Cependant, cette dichotomie apparaît aujourd’hui insuffisante pour penser la complexité des réalités congolaises, notamment dans ce que l’on appelle le Kivu.
Depuis des temps immémoriaux, les communautés de cette région partagent une sociologie commune, structurée par la langue, les cultes, les mœurs et les usages coutumiers. Les noms des collines, des montagnes, des rivières, des villages et des cités témoignent de cette continuité culturelle et historique.
Les familles se lient par le mariage, par des pactes coutumiers, des dons de terres ou de bétail, et par des alliances politiques et sociales. Ces liens ancestraux, profondément enracinés, échappent aux frontières artificielles imposées par des régimes coloniaux ou postcoloniaux : elles peuvent diviser les terres, mais elles ne sauraient défaire l’intrication des liens familiaux et sociaux.
Ainsi, malgré les guerres, les déplacements forcés ou les tensions politiques, ces communautés se fréquentent régulièrement lors des cérémonies coutumières, renouvelant sans cesse des alliances immuables et intangibles.
Dans les provinces du Nord-Kivu, du Sud-Kivu et de l’Ituri, ces dynamiques se recomposent constamment sous la pression de conflits armés, de marginalisation économique et de crises humanitaires. La cohésion n’y est jamais donnée ; elle se construit dans l’urgence, à partir de liens de survie, de solidarité et de résistance. Les associations dans le Sud-Kivu, les collectifs d’enseignants à Goma ou les réseaux de paysans à Beni incarnent cette capacité des communautés à se structurer, à se réinventer, et à transcender toute fragmentation imposée.
Ces formes concrètes incarnent ce que certains nomment la « Communauté » : évanescente, imprévisible, mais d’une puissance indéniable sur le sentiment d’appartenance et le lien social.
La fiction et l’imaginaire : penser la communauté depuis ses marges
Si la sociologie analyse, la littérature invente. Dans l’espace fictionnel, la communauté peut se concevoir comme un laboratoire social et politique, un lieu où la cohésion se construit et se négocie, où la limite entre inclusion et exclusion devient terrain d’expérimentation. La communauté n’y est jamais une essence donnée ; elle est processus, tension et geste créatif.
Transposé à la RDC contemporaine, ce paradigme permet de comprendre les collectifs locaux comme des laboratoires de résilience : coopératives agricoles dans les hauts plateaux du Sud-Kivu, initiatives éducatives à Minembwe, associations de déplacés dans la région de Beni. Ces communautés marginales incarnent des modes de vie alternatifs, fondés sur la coopération, l’inventivité et la résistance aux violences.
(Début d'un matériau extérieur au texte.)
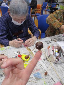ドングリに錐で穴をあけて、爪楊枝を刺して、模様を描いたらコマの完成です。良く回るコマを見て皆さん嬉しそうに喜ばれました。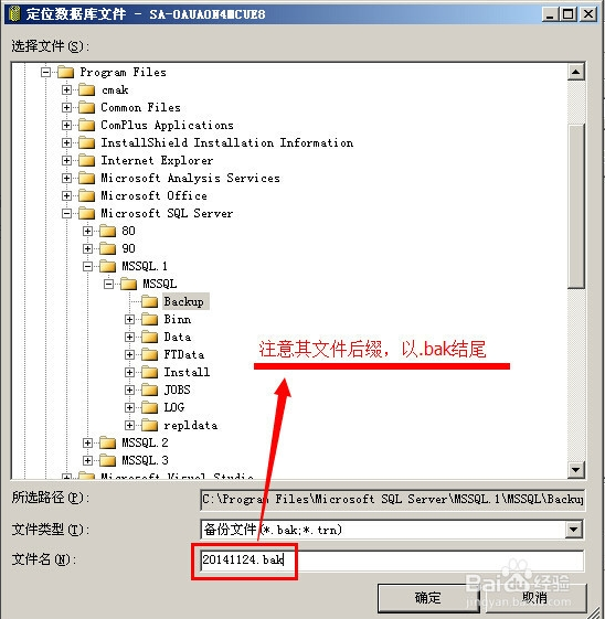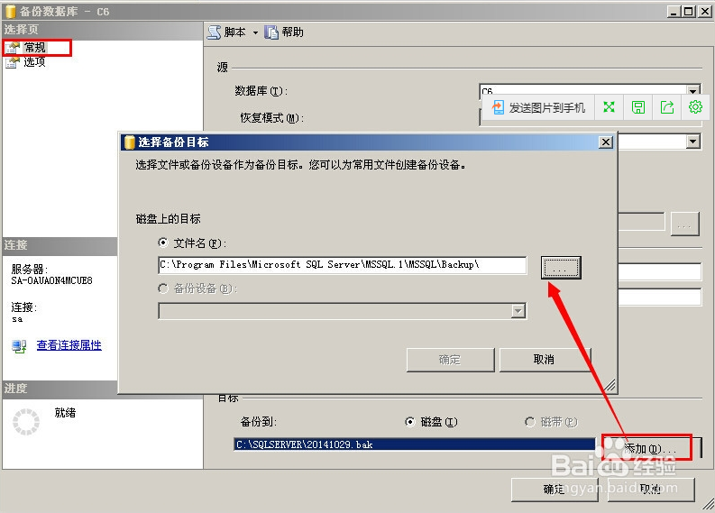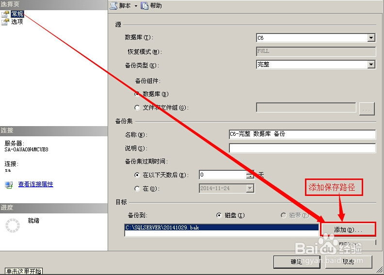4、彈出備份數(shù)據(jù)庫窗口,在常規(guī)中設(shè)置保存路徑,步驟為首先點(diǎn)擊左邊的常規(guī),然后點(diǎn)擊添加,在彈出框中點(diǎn)擊省略號選擇文件的保存,后綴名稱為.bak,填寫完成之后,點(diǎn)擊確定

Penser la communauté depuis ses marges, c’est accepter l’instabilité, la pluralité et la créativité comme fondements du lien social. Cela permet de dépasser les nostalgies d’un ordre perdu et les constructions essentialistes, tout en observant comment des individus et des groupes, face aux crises, inventent des formes inédites de solidarité et de cohésion.
Dans le contexte congolais, la littérature et l’imaginaire politique se rejoignent : ils offrent un espace où se négocient identités, mémoire collective et futur commun, dans une tension constante entre perte et invention.
Ainsi, la communauté devient moins un héritage statique qu’un chantier vivant, ouvert aux possibles, aux marges et aux audaces, capable de traverser frontières, conflits et épreuves, tout en conservant intacte l’indélébile mémoire des liens ancestraux.